Djoghlaf was speaking on the sidelines of the ninth conference of the parties to the CBD being held in the German city of Bonn.

Experts sketched out new technologies that came from observing plants and animals and that were already under commercial development.

The virtually frictionless coating on the skin of a particular Sahara lizard that allows it to burrow at speed through sand was finding applications in industry that would render conventional bearings superfluous, they said.

And the ability of certain plants and beetles in the Namib to store sugars without having access to water for decades could provide technologies that would make conventional refrigeration techniques redundant.

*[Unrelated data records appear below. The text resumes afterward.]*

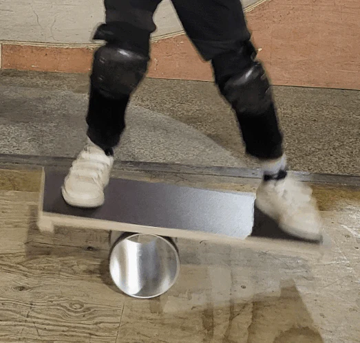 Ce planche d’équilibre mesure 18 mm d’épaisseur, 650 mm de long et 247 mm de large. À chaque extrémité sous la planche, il y a une autre pièce de contreplaqué marin épais ajoutant 18 mm d’épaisseur et 30 mm x 247 mm de long, attaché avec 3 vis. Cela garantit que la planche ne glisse pas du rouleau lorsqu’elle est en équilibre. Le dessus de la planche est recouvert d’une couche antidérapante, toujours dans un souci de sécurité. C’est sans aucun doute la meilleure planche d’équilibre pour le jeu de Rolla Bola que nous avons vendu au cours des 30 dernières années.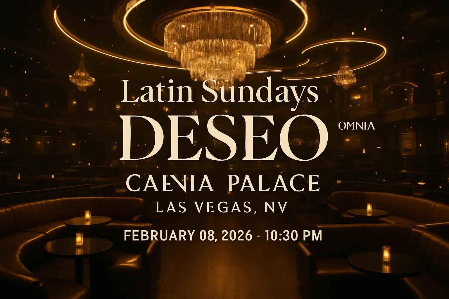 Latin Sundays Deseo begins at 10:30 PM on February 8 2026 at Omnia Nightclub inside Caesars Palace Las Vegas.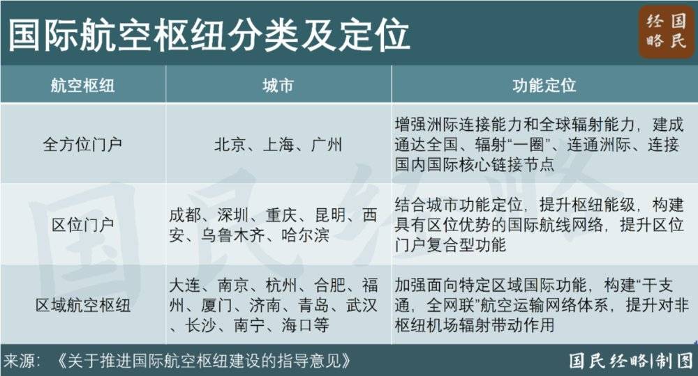 这在不久前发布的国际航空枢纽规划就可见一斑。只有北上广被赋予 「全方位门户复合型」 的定位,而深圳、成都、重庆等地都只是 「区位航空枢纽」。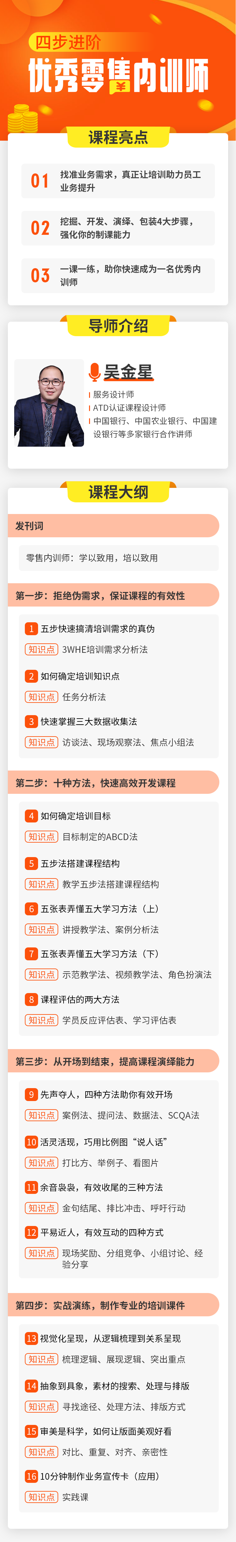 01找準業(yè)務需求,真正讓培訓助力員工業(yè)務提升 02挖掘、開發(fā)、演繹、包裝4大步驟,強化你的制課能力 03一課一練,助你快速成為一名優(yōu)秀內訓師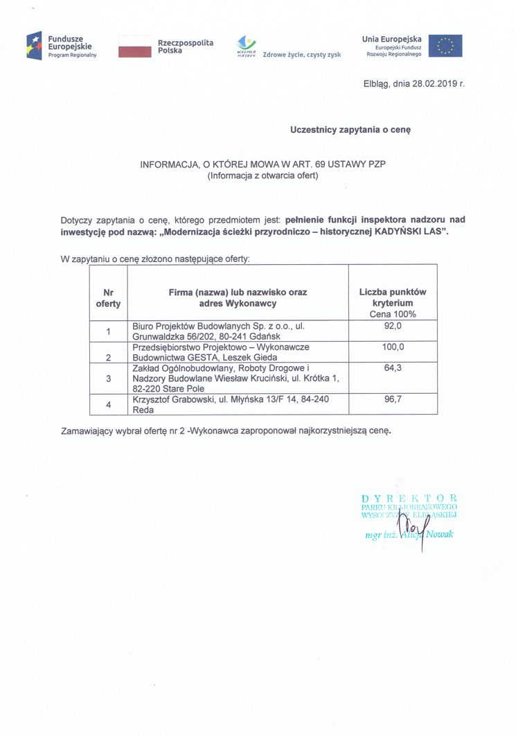 Na podstawie § 22 Regulaminu udzielania zamówień publicznych stanowiącego załącznik do Zarządzenia nr 7/2018 z dnia 22 października 2018 roku Dyrektora Parku Krajobrazowego Wysoczyzny Elbląskiej opracowanego na potrzeby realizacji projektu pn. "Podniesienie standardu bazy technicznej i wyposażenia parków krajobrazowych województwa warmińsko-mazurskiego w ramach Regionalnego Programu Operacyjnego Województwa Warmińsko-Mazurskiego na lata 2014 - 2020" zapraszam do złożenia oferty na pełnienie funkcji inspektora nadzoru inwestorskiego.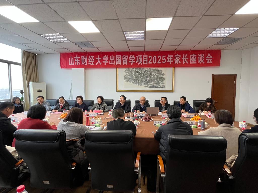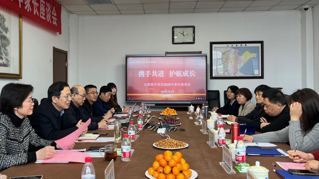 徐明春在讲话中指出,山东财经大学出国留学项目始终把“培养具备全球视野、跨文化沟通能力,能在国际舞台立足的优秀人才”作为核心目标,着力构建从“课程适配”“语言提升”“申请指导”到“行前准备”的全链条支持服务体系。他从课程体系搭建、语言与学术能力提升、留学申请指导、行前准备与后续支持、就业选择等多个方面对项目支持服务内容进行了详细介绍,对进一步做好家校共育提出了要求。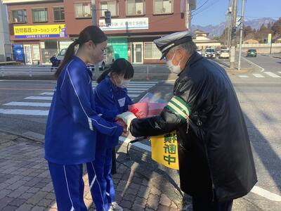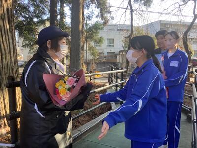 3月2日(月)、毎朝お世話になっている交通指導員さんへ、御礼の花束贈呈を卒業を迎える3年生の代表生徒が行いました。生徒が安全に登校できるよう、毎朝欠かさず道路の清掃や誘導をしてくださり、本当にありがとうございます。引き続きよろしくお願いします。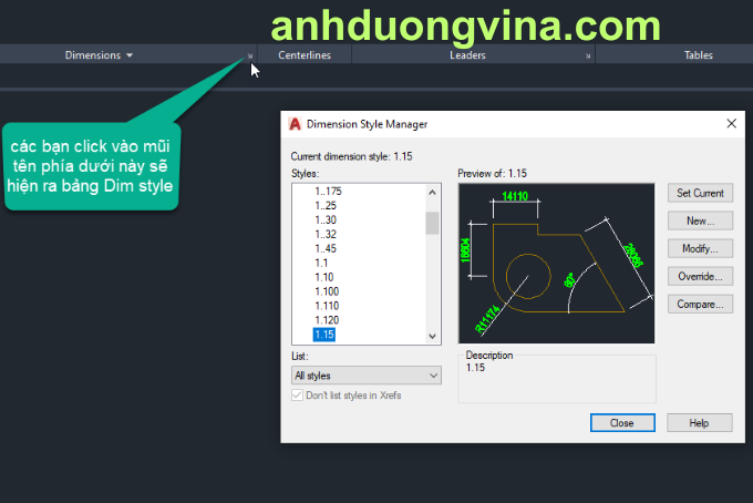 - Style: Danh sách các Dim Style đã có trong bản vẽ.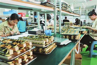 近年来,建水县着力打造“家门口”就业“30分钟生态圈”,群众无需到北上广深电子厂找工作,在“家门口”的车间就能就业。图为建水县金亿志电子元件(云南)有限公司内,工人在制作电子元件。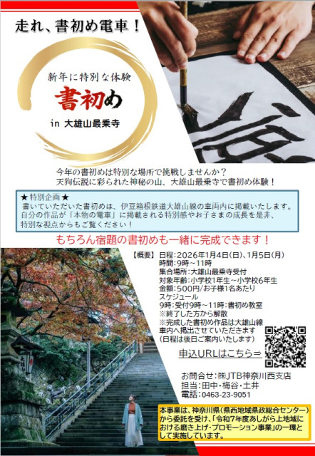 制作した書初めは、「伊豆箱根鉄道大雄山線」の車両内に掲載いたします!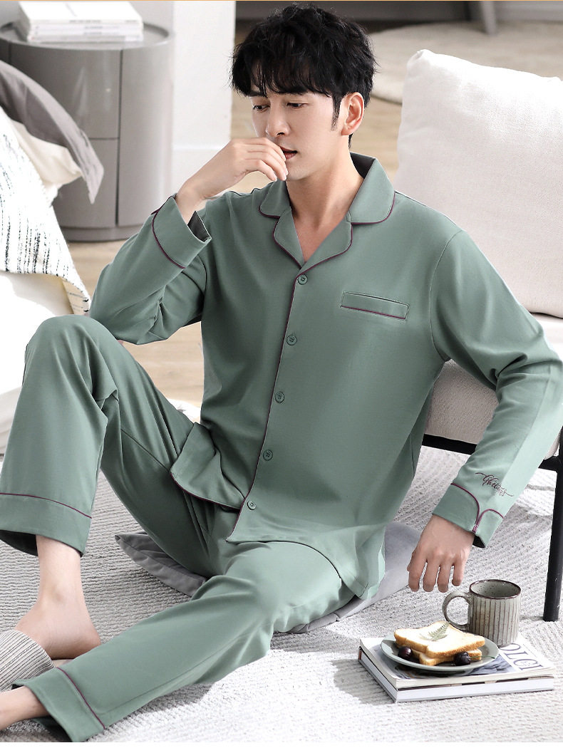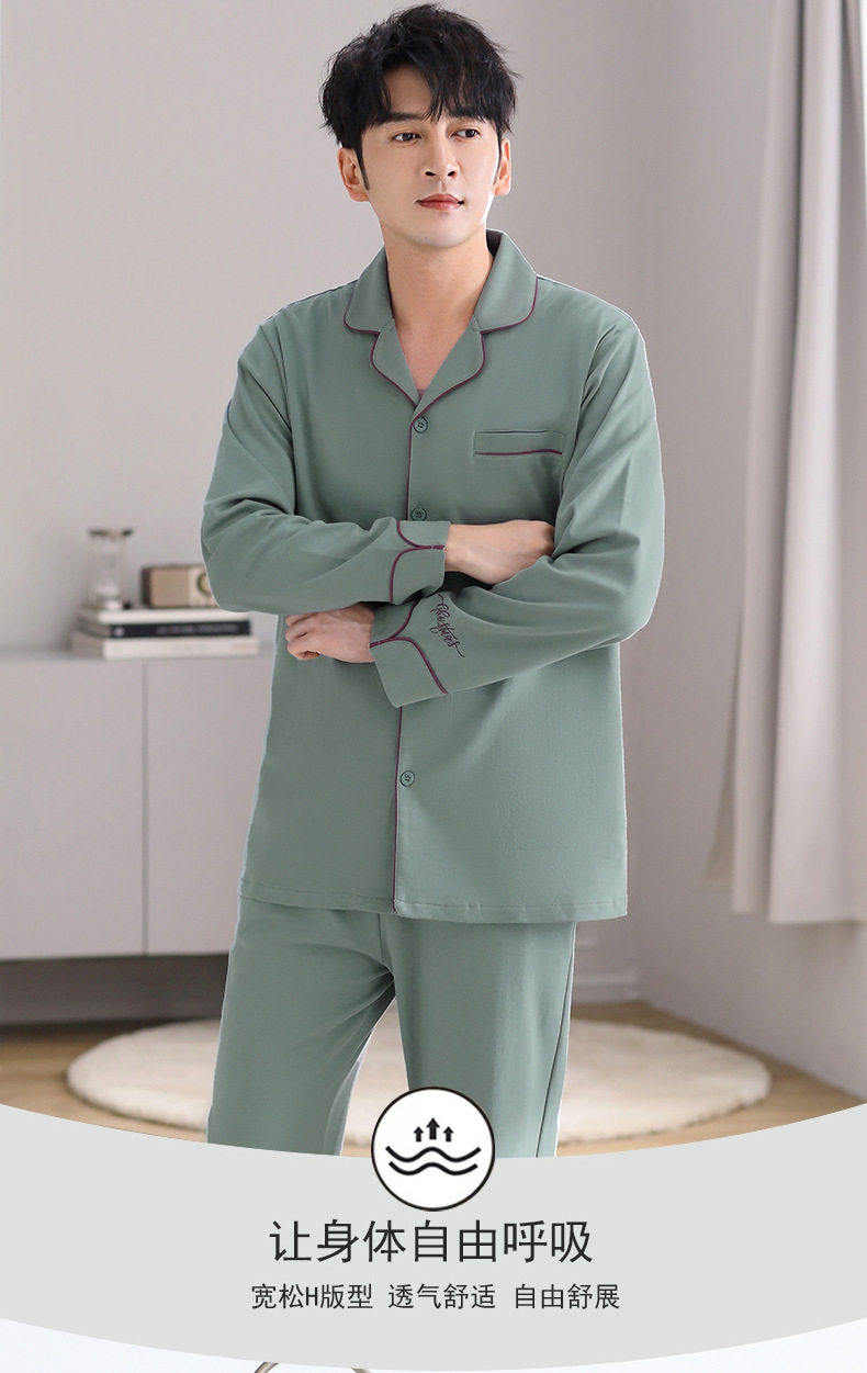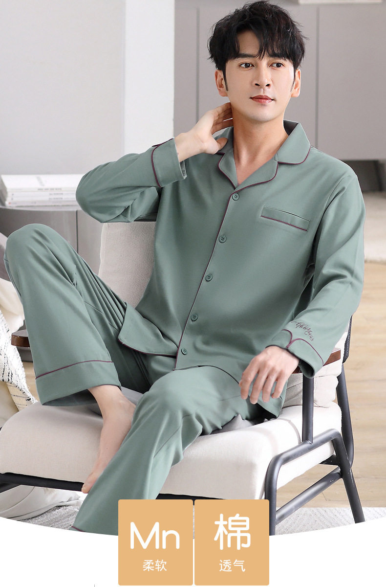 秋季纯棉睡衣男长袖长裤套装薄款简约休闲大码宽松可出门家居服 JL-XEQ202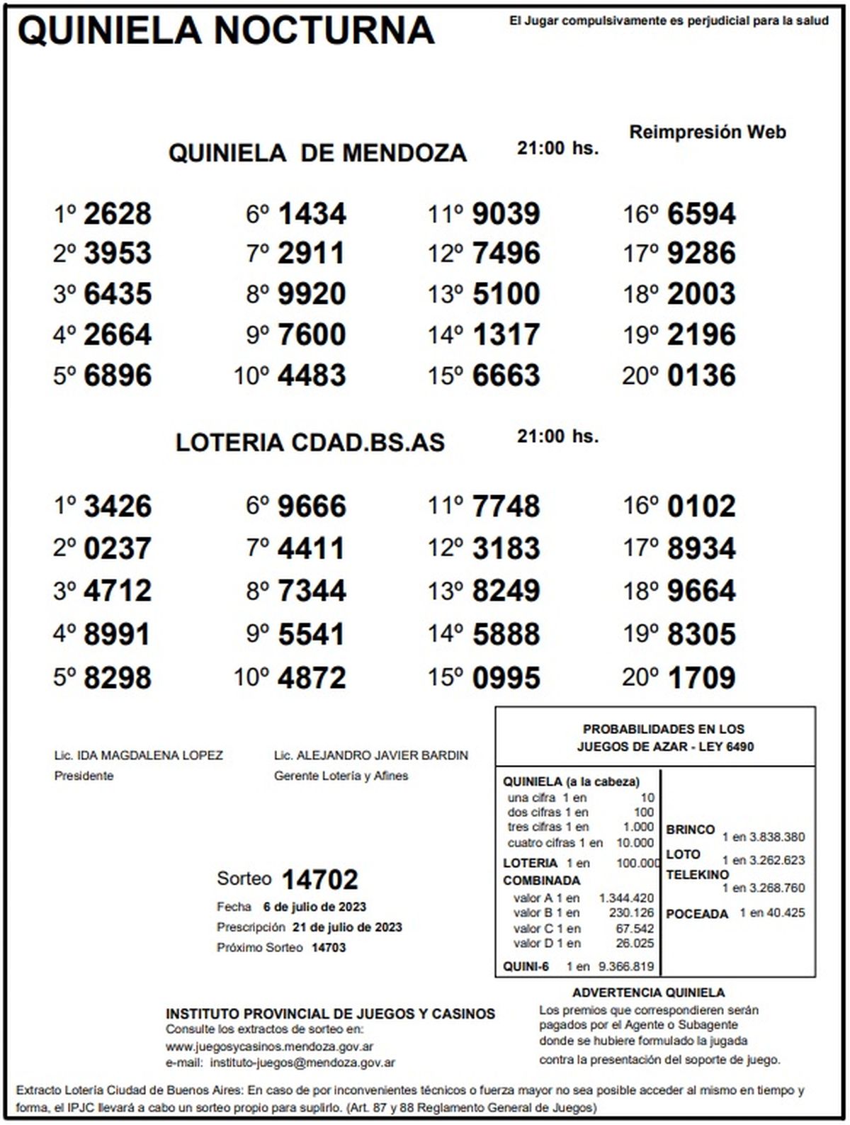 Quiniela de Mendoza: resultados de la Nocturna de hoy, 6 de julio de 2023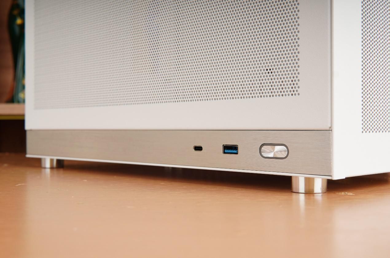 闪鳞G400依然保留了主板仓侧面也就是靠近人右手边的底部加入了一条拉丝铝合金装饰条,并且电源开关以及USB接口都放置了在这里,这种设计对于把机箱放在桌面上的玩家在操作时候自然是更加方便的,不论是开机还是插拔USB设备再也不用盲插了,更加符合桌面使用习惯,开机的时候电源键周围还有一圈的灯带包围。值得一提的是闪鳞G400标配的Type-C接口为USB3.2 GEN2的10GBPS速度,外接固态硬盘盒的时候也可以跑满速度了。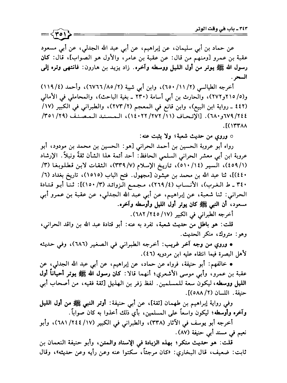 رواه أبو عروبة الحسين بن أحمد الحراني [هو: الحسين بن محمد بن مودود، أبو عروبة ابن أبي معشر الحراني السلمي الحافظ: أحد أئمة هذا الشأن ثقةً ونبلًا. الإرشاد (٩/ ٤٥١)، السير (١٤/ ٥١٠)، تاريخ الإسلام (٧/ ٣٣٩)، الثقات لابن قطلوبغا (٣/ ٤٤٠)]؛ ثنا عبد الله بن محمد بن عيشون [مجهول. فتح الباب (١٥١٥)، تاريخ بغداد (٦/ ٣٤٠ - ط الغرب)، الأنساب (٤/ ٢٦٩)، مجمع الزوائد (٣/ ١٥٠)]: ثنا أبو قتادة الحراني: ثنا شعبة، عن إبراهيم، عن أبي عبد الله الجدلي، عن عقبة بن عمرو أبي مسعود، أن النبي -صلى الله عليه وسلم- كان يوتر أول الليل وأوسطه وآخره.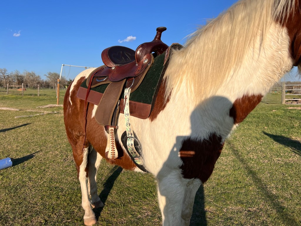 Aragorn and Apache managed to do their lessons, though. I got a lesson at putting on Apache’s new saddle pad, and we changed out his straps so he’s all green now. Snappy.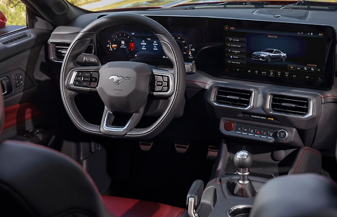 또한 실내 공간에 큰 폭의 업데이트가 감지된다. 이번 세대변경, 7세대 올 뉴 머스탱을 통해 이전 세대와는 또 다른 인테리어 분위기를 선사하는데, 특히 전투기 조종석에서 영감을 받은 2개의 유동적이며 곡면형 디자인의 대형 디지털 디스플레이를 새롭게 적용했다.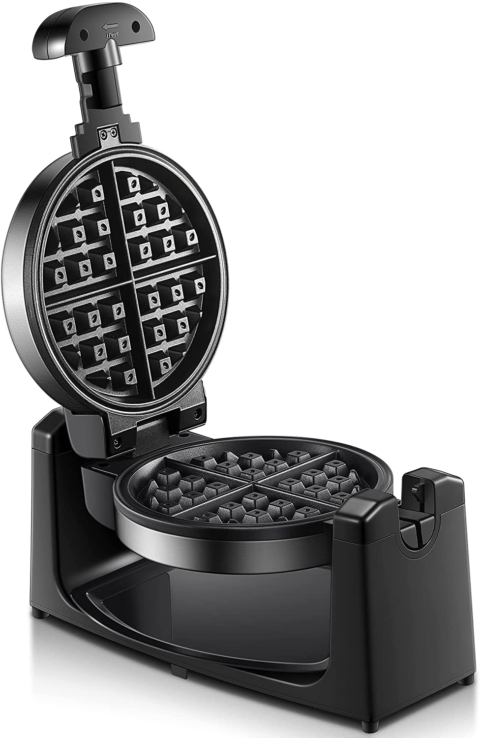 - [ ROTATING WAFFLE MAKER ] Enjoy Belgian waffles at home in minutes with this innovative & durable waffle maker, ergonomically designed handle facilitates that allows you to cook evenly with a flip of the wrist. To create thick, fluffy waffles that rival the ones prepared at the best restaurants.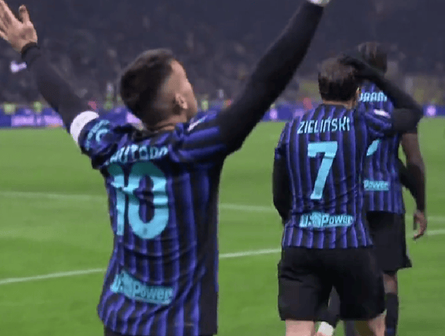 极有可能是本场比赛 泽林斯基破门后 或 劳塔罗进球后 的场景

This could, for example, allow vaccines to be stored without refrigeration and facilitate the vaccination of millions of children who currently had no access to life-saving medicines.

Achim Steiner, the executive director of the UN Environment Programme, said, however, that these new techniques "cannot be funded by philanthropy alone."

"We need entrepreneuers. We need to change the way markets and economies work," Steiner said.

He noted that most investment was going into refining what he termed "yesterday's technologies," rather than in the paradigm shift required.

Governments had a role in encouraging entrepreneurs to invest in these new technologies, Steiner said.

The ninth conference of the parties to the CBD, which began on May 19, entered its final, political, phase Wednesday with a call from German Chancellor Angela Merkel for a "complete change of course" on species preservation.

Delegates needed to come to "trailblazing decision," Merkel said.

The conference, which ends Friday, is being attended by around 6,000 delegates from around 190 countries that have ratified the CBD. The United States has signed the convention, launched at the Rio Earth Summit in 1992, but not ratified it.